Rougly, this week we’ll cover the material in sections 9.1 to 9.4, as well as sections 9.8 to 9.11 and section 9.15. Next week, we’ll cover the material in sections 9.5 to 9.7, and sections 9.12 to 9.13. Even if a section is not mentioned here, all of chapter 9 is relevant.
2.3 Pre-lab activities
After having watched the lectures on correlation and read the textbook sections you’ll be in a good position to try these activities. Completing them before you attend your lab session will help you to consolidate your learning and help move through the lab activities more smoothly.
2.3.1 Pre-lab activity 1: Visualing correlations
Have a look at this visualisation of correlations by Kristoffer Magnusson.
After having read the relevant sections of Howell (2017) Chapter 9, use this visualisation page to visually replicate the scatterplots in Figures 9.1 and 9.2 - use a sample of 100. After that, visually replicate the scatterplots in Figure 9.3.
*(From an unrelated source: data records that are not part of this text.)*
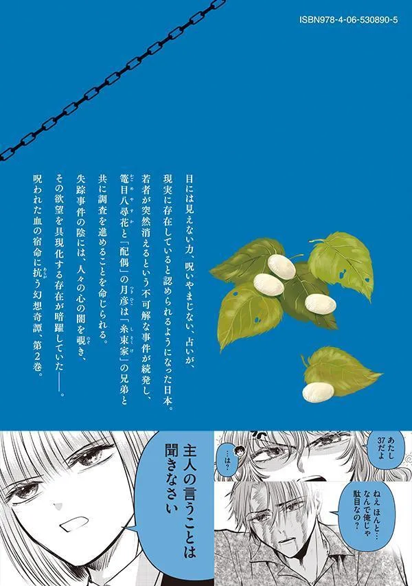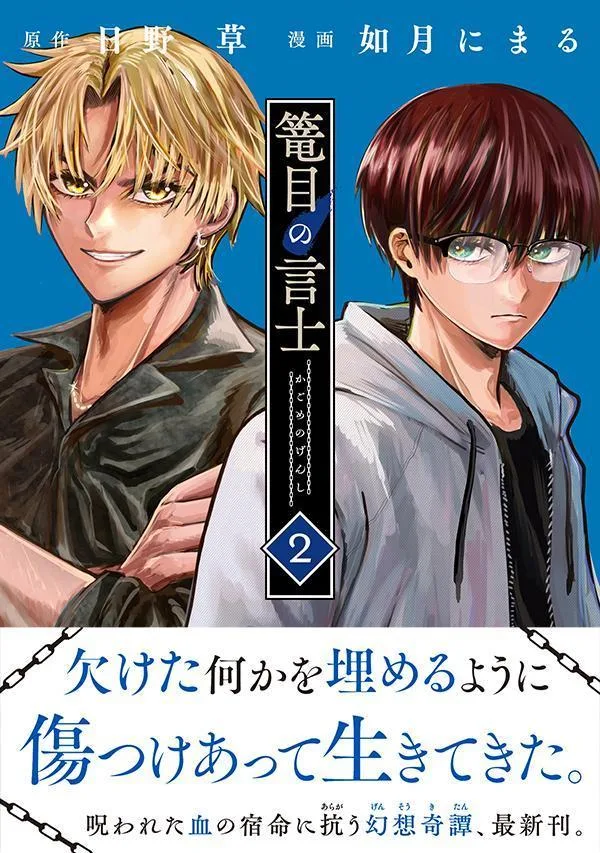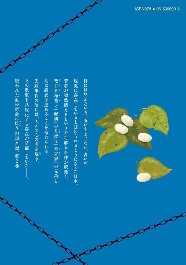 На Цукихико нападает Аясэ (Итоцука) Масато, одержимый Яхиро Ханой, главой семьи Кагомэ. Масато отвергает Цукихико, живущего в другом мире, связанном с ними кровными узами, и обрушивает на него беспощадную атаку. Столкнувшись с подавляющей силой Масато, решимость Цукихико подвергается испытанию в этой отчаянной ситуации! Второй том этой фантастической истории о противостоянии проклятой судьбе крови.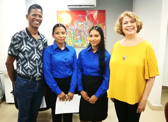 La doctora Ana Elena Porras Directora de la Dirección de Cultura y el Señor Leopoldo Bernal Administrador a.i. de la Dirección de Cultura, recibieron con agrado a las jóvenes Danna Murillo y Nathalie RodrÃguez, estudiantes del Instituto Profesional y Técnico de Comercio quienes desde el martes 7 de octubre al jueves 20 de noviembre realizarán su práctica profesional en esta unidad.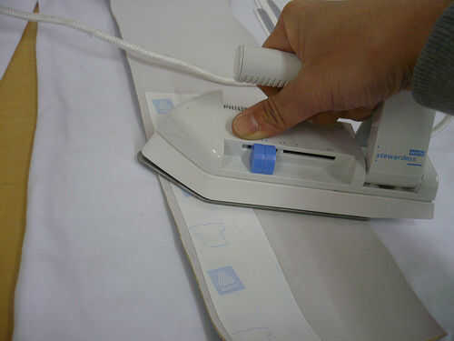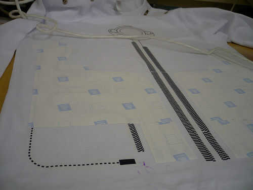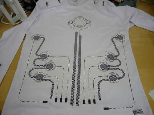 imprimir el patrón de circuito en la camiseta utilizando la plancha de chorro de tinta sobre papel. Hice un patrón de circuito con illustrator e impreso en plancha sobre el papel. Luego las piezas son corte y coloca sobre la camiseta y planchar en.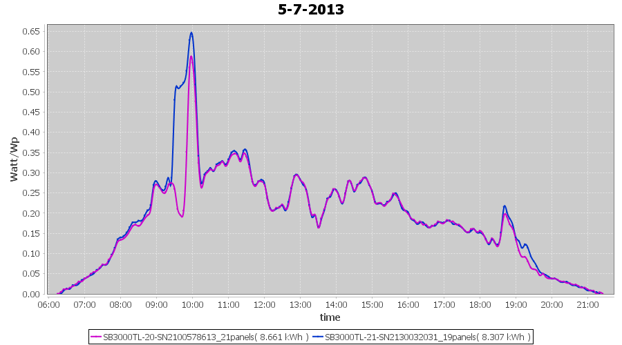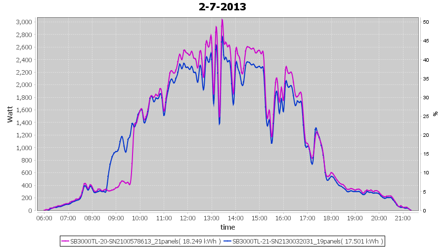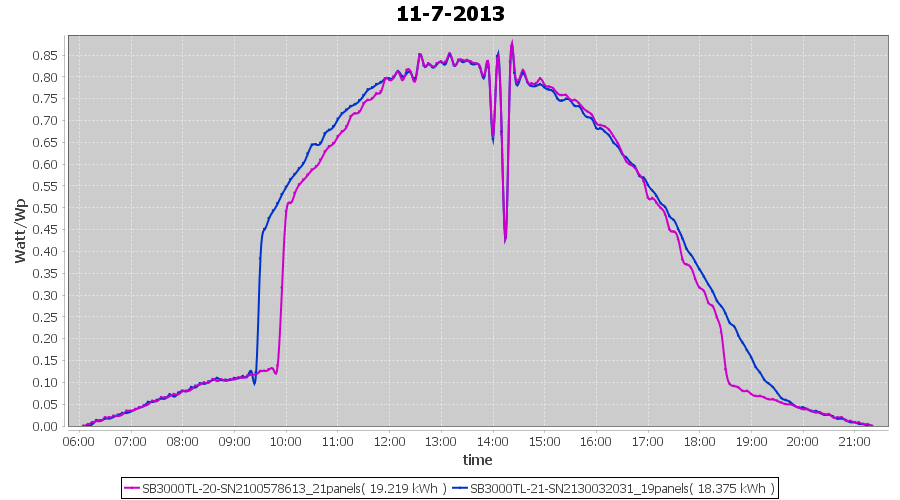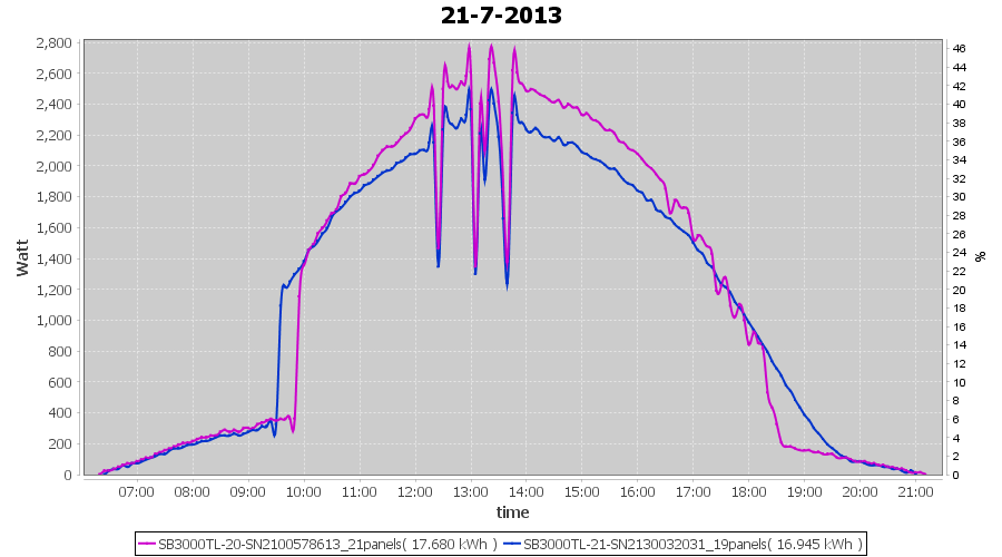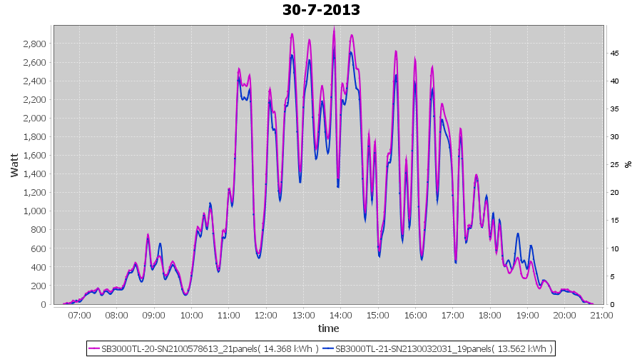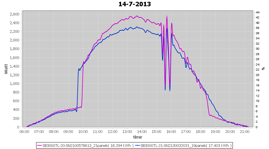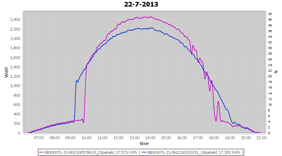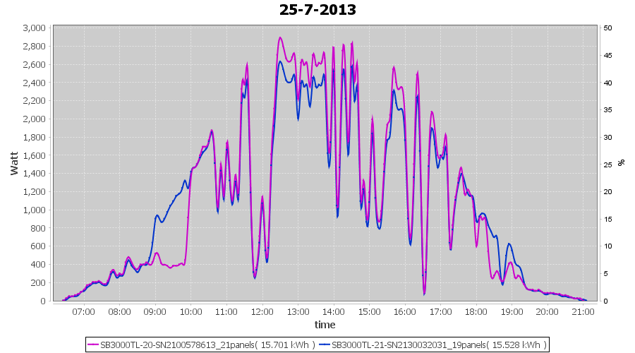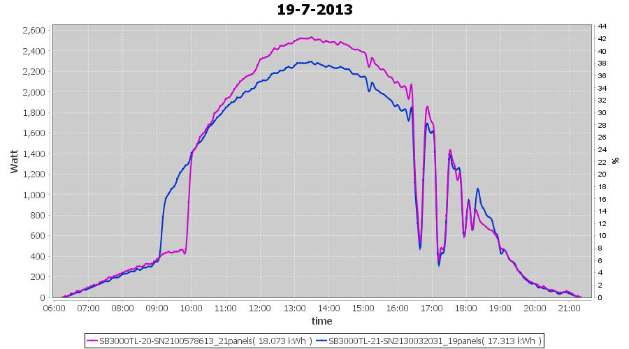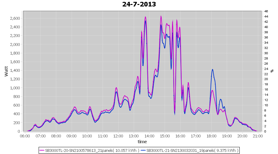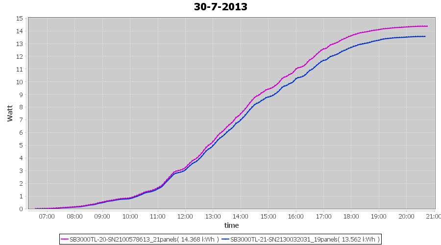 | 17-7-2013 | kWh | Sum | W/Wp | 30.362 | 6000 | 5.1 | 14.042 | € 10.74 | 3.3 |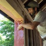 Kelly spreads out the FastFlash to form a continuous coat over the rough, irregular wood framing. Kelly chose the fluid-applied material for this part of the project because he was concerned that it would be difficult to achieve full adhesion on the rough surface using a construction tape.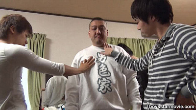 Toraemon heads up a group of young Japanese twinks that are all set to have their way with a Japanese daddy dressed in a sling type jock strap. They play with his nipples and massage his cock before they bring out an assortment of toys including anal vibrators that they use on his nipples and Toraemon brings out a device even I've never seen. It's battery operated, has a cup on the end that is inserted over the head of daddies cock and Toraemon hits the on button. Our daddy is enjoying the attention for sure as we listen to his moaning and groaning. This is like a field trip without a teacher or guardian telling you what you can and cannot do. The boys are loving it! (and daddy too)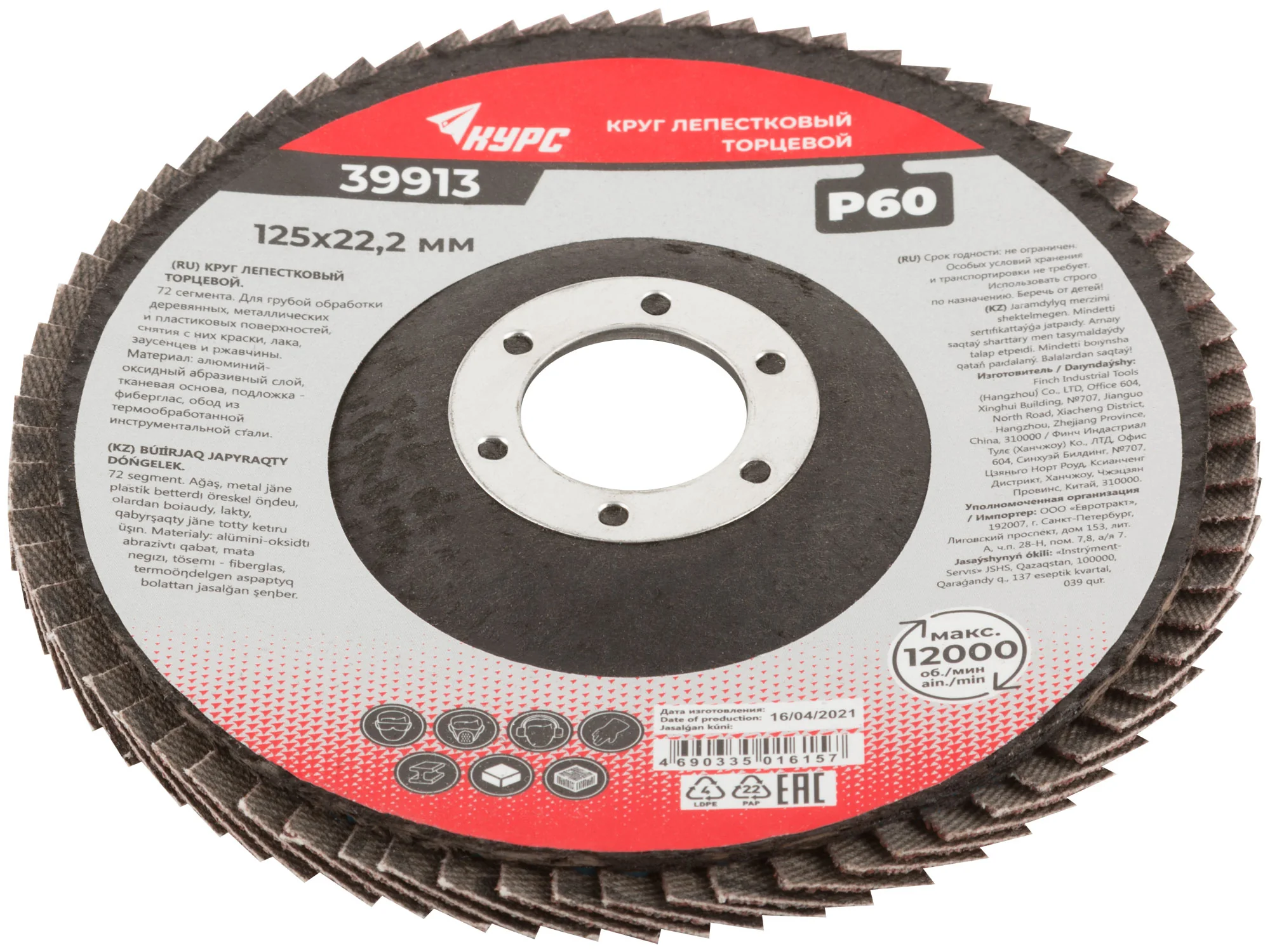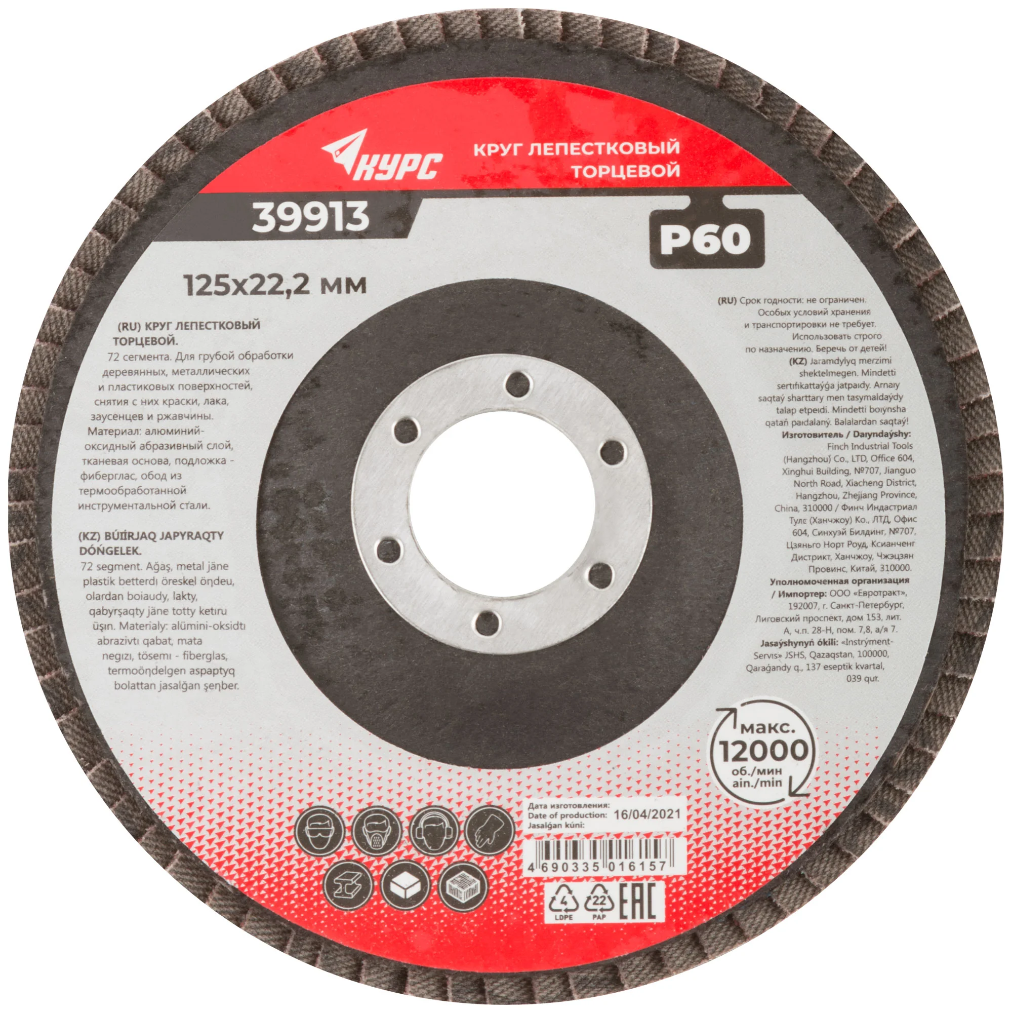 Круг лепестковый торцевой 125 мм P60 от бренда КУРС идеально подходит для использования с угловыми шлифовальными машинами (УШМ). Он позволяет быстро и качественно обрабатывать поверхности из металла, дерева и пластика, обеспечивая ровное шлифование и долгий срок службы.

Each time you change the correlation, pay attention to the shared variance (the overlap between the two variables) and see how this changes with the changing level of relationship between the two variables. The greater the shared variance, the stronger the relationship.
Also, try setting the correlation to r = .5 and then moving a single dot to see how one data point, a potential outlier, can change the stated correlation value between two variables.
2.3.2 Pre-lab activity 2: Guess the correlation
Now that you are well versed in interpreting scatterplots (scattergrams) have a go at this online app on guessing the correlation.
This is a very basic app that allows you to see how good you are at recognising different correlation strengths from the scatterplots. We would recommend you click the “Track Performance” tab so you can keep an overview of your overall bias to underestimate or overestimate a correlation.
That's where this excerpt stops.